Es ist auch viel Herzschmerz dabei. "Am meisten fehlst du mir morgens", singt der US-Musiker in "21 Days". "Wir haben uns immer beim Kaffee unterhalten. Aber jetzt muss ich einen neuen Freund finden." Es sind kleine Geschichten von großen Gefühlen, die nahegehen und manchmal von tiefer Traurigkeit geprägt sind. "Vincent" etwa erzählt von häuslicher Gewalt und den dramatischen Folgen.

Auf "Local Honey" sind weder Popsongs noch Rockhits zu finden. "Ich versuche nicht mehr, eine Radio-Single zu machen", erklärt Fallon. "Ich hätte zwar gern eine, aber das war nicht mein Ziel." Im Trend zu bleiben, zu "den coolsten Playlisten" hinzugefügt zu werden, das sei nicht seine Sache. "Nicht dass ich das nicht gern hätte und so erfolgreich wäre, aber ich weiß, dass ich da nicht mithalten könnte."
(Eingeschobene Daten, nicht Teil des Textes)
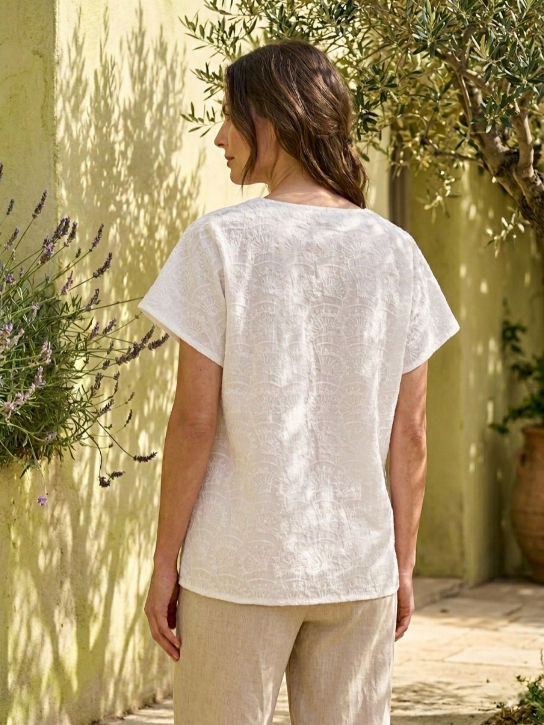 Легкая женская блуза прямого кроя из непрозрачного хлопкового шитья немецкого бренда Broadway NYC Fashion.
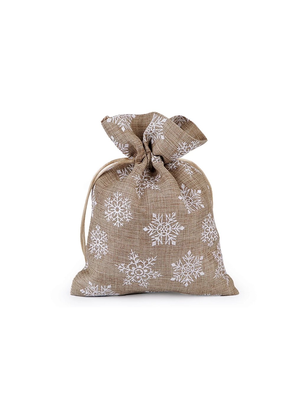 Dárkový pytlík vločky s glitry, PŘÍRODNÍ, 13x18 cm, imitace juty, 1 kus
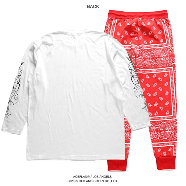 ロンTの両袖にチカーノカルチャーを代表する『Pinstripe』、トラックパンツに『ペイズリー柄』をドロップした上下セット。
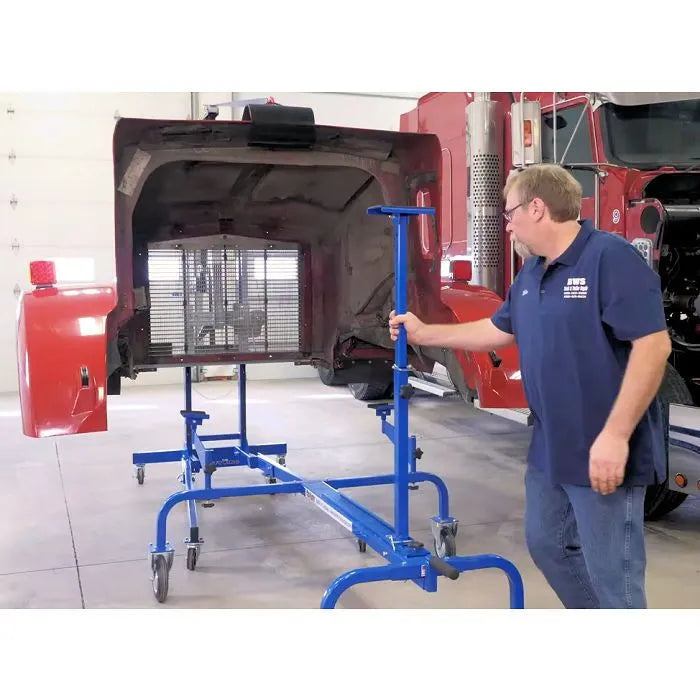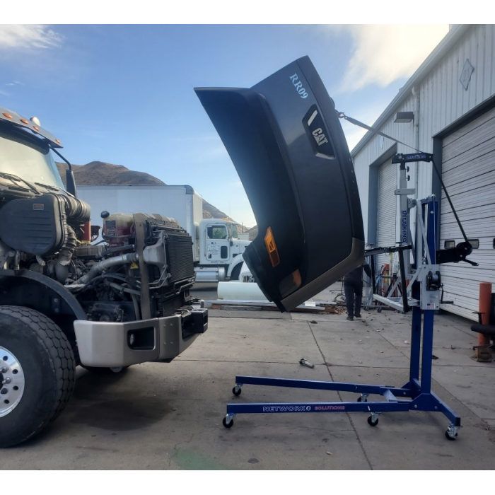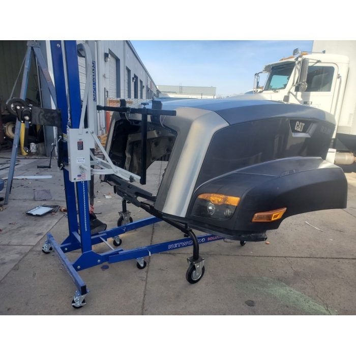 One technician can remove or install a semi hood OR a bus front by themselves eliminating the need for three or four more technicians to stop their current task to help. We have attachments for cab doors, trailer doors, bumpers
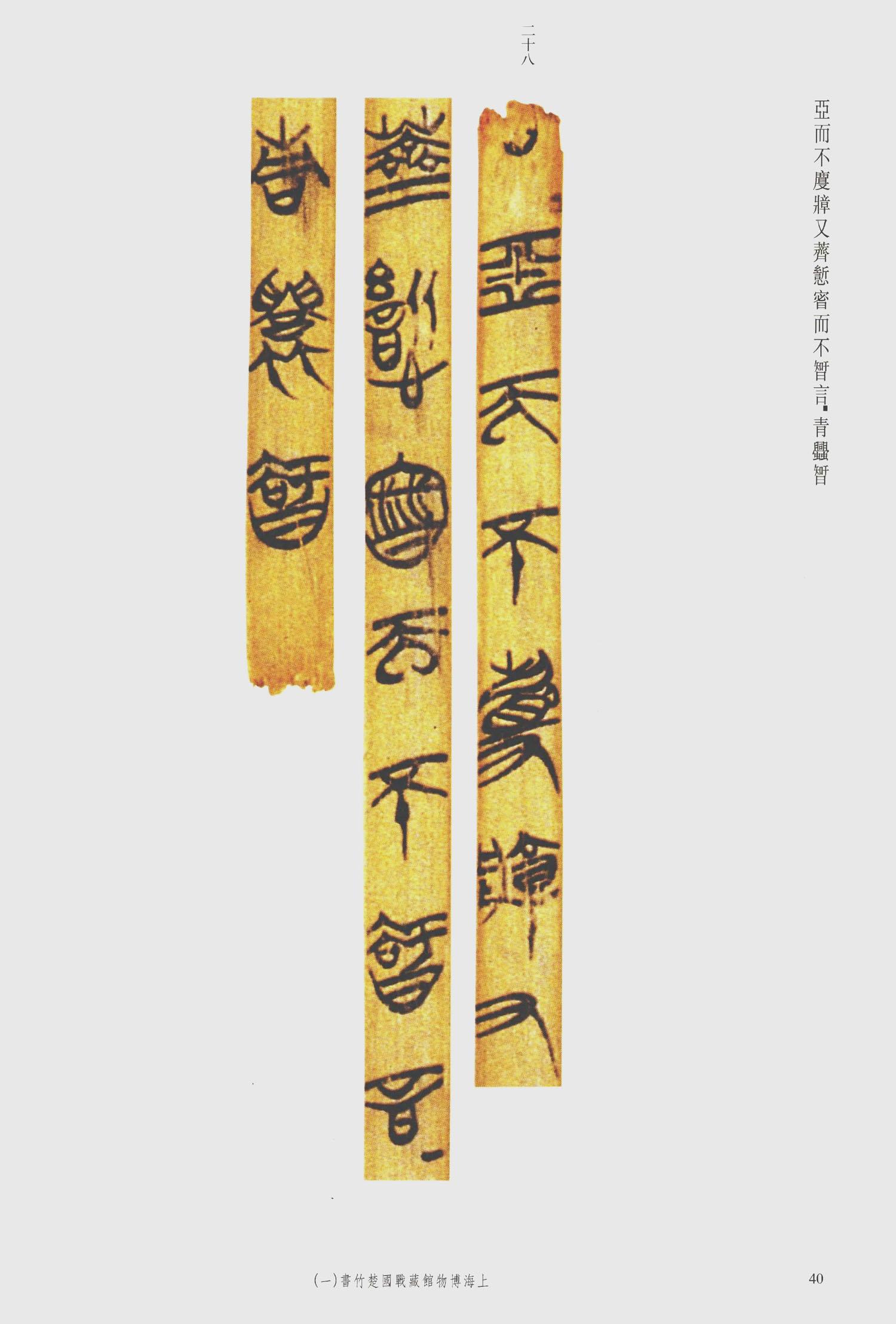 孔子曰:訨 [178] 亡𠳵 [179] 志,樂亡𠳵情,文亡𠳵言 [180] ⧄【1下】⧄忠_《北·白舟》 [181] ,悶 [182] _《浴風》 [183] ,㤳 [184] _《翏莪》 [185] ,又孝志 [186] _《隰又長楚》 [187] ,㝵 [188] 而𢘓 [189] 之也_【26】⧄《東方未明》,又利詞 [190] _《𨟻中》 [191] 之言,不可不韋 [192] 也_《湯之水》 [193] ,丌㤅婦忍* [194] _《菜萭》 [195] 之㤅婦⧄【17】⧄女 [196] 此,何?斯雀 [197] 之矣_⿺辶鬯* [198] 丌所㤅 [199] ,必曰:“𫊟奚舍之?賓贈 [200] 氏也”。
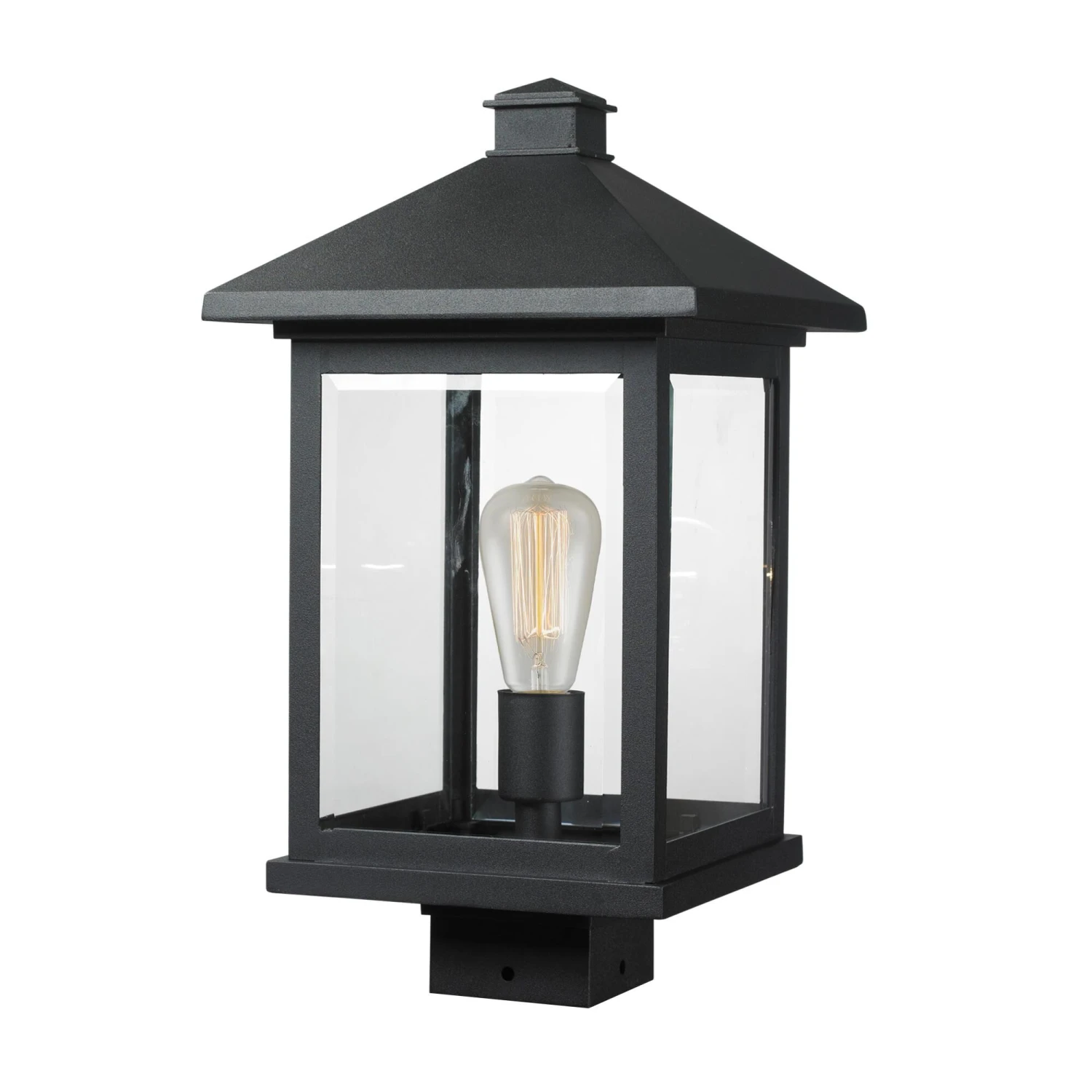 The timeless, mission styling of the Portland family displays clean lines to suit both contemporary and traditional decors. Clear beveled glass paired with black comprised of cast aluminum which withstands natures seasonal elements.

Das sei auch eine Frage des Alters, sagt er und verweist auf die erst 18 Jahre alte Sängerin Billie Eilish. "Ich kann mit ihr nicht konkurrieren. Sie ist mir weit voraus, denn sie ist die Jugend", so Fallon. "Wenn ich versuchen würde, zu tun, was gerade angesagt ist, dann würde ich mich in meinem Alter doch zum Narren machen."
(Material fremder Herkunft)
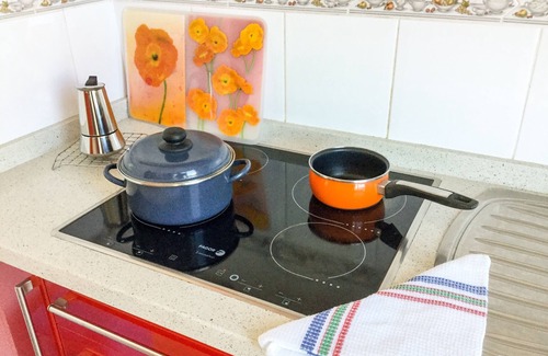 - una cocina totalmente equipada: placas vitróceramica, horno, microondas, nevera/congelador, tostadora, exprimidor, hervidor de agua y todas las vajillas para poder cocinar en perfecta comodidad.
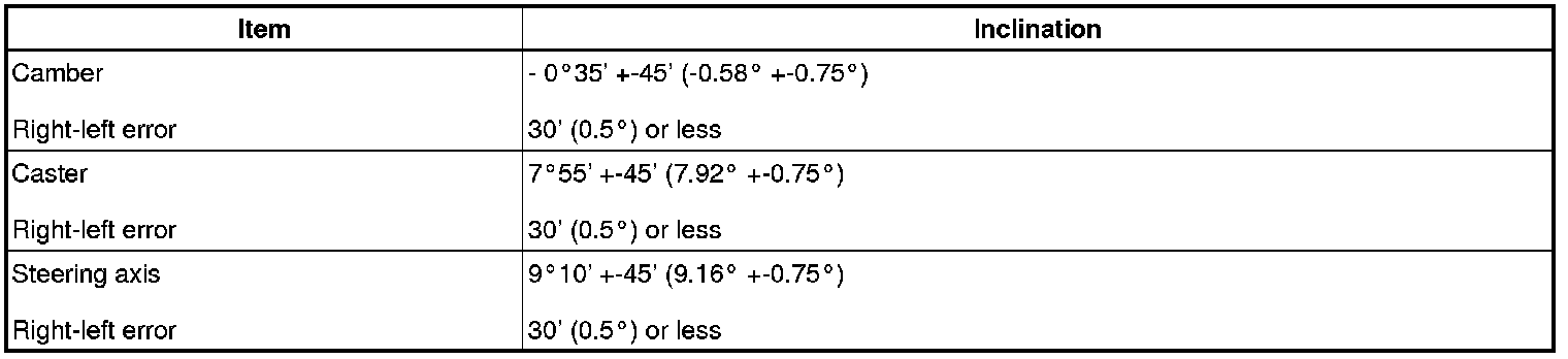 - If the steering axis inclination is not as specified after the camber and caster have been correctly adjusted, check the steering knuckle and front wheel for distortion or looseness.
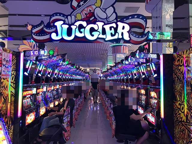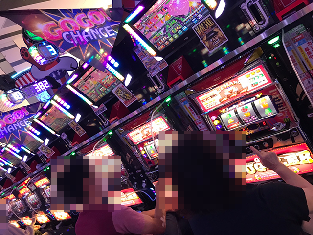 パチスロのシマをくまなくまわっていると、おなじ機種がズラリと並んでいるシマやバラエティーコーナーなど、随所に楽しそうな光景が広がっていた。
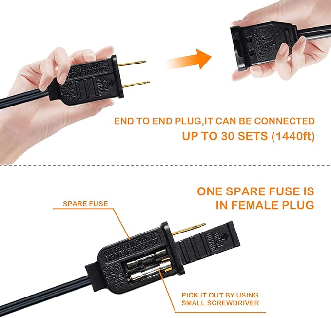 • Easy Installation & Saving:Female Plug, Easy to Connect Power Cord Ends. The bulbs are all replaceable for maximum cost savings. Please check to see if it matches the string of lights before buying the bulbs

Er habe "eine Platte zum Nachdenken" angestrebt. Entsprechend findet man auf "Local Honey" keine Musik für nebenbei - es lohnt sich, aufmerksam zuzuhören. Denn so richtig entfalten sich die überwiegend ruhigen und melancholischen Songs erst, wenn man den berührenden Geschichten lauscht.

Das Album ist mit acht Songs und 30 Minuten Laufzeit relativ kurz geraten. Die Hörgewohnheiten hätten sich schließlich geändert: "Niemand setzt sich hin und hört eine Stunde lang ein Album", sagt der leidenschaftliche Musikfan Fallon. "Wenn ich also ein einstündiges Album mache, würde das niemand am Stück hören."

Zudem orientierte er sich bei der Albumlänge an Musikerkollegen wie Sturgill Simpson und Tyler Childers - sowie seinem Idol und Kumpel aus New Jersey: "Es ist Bruce Springsteens Schuld", lacht Fallon. Dessen großer Klassiker "Born To Run" von 1975 bestehe ebenfalls aus acht Liedern. "Für mich fühlt sich das gut an: vier Songs auf Seite A, vier Songs auf Seite B."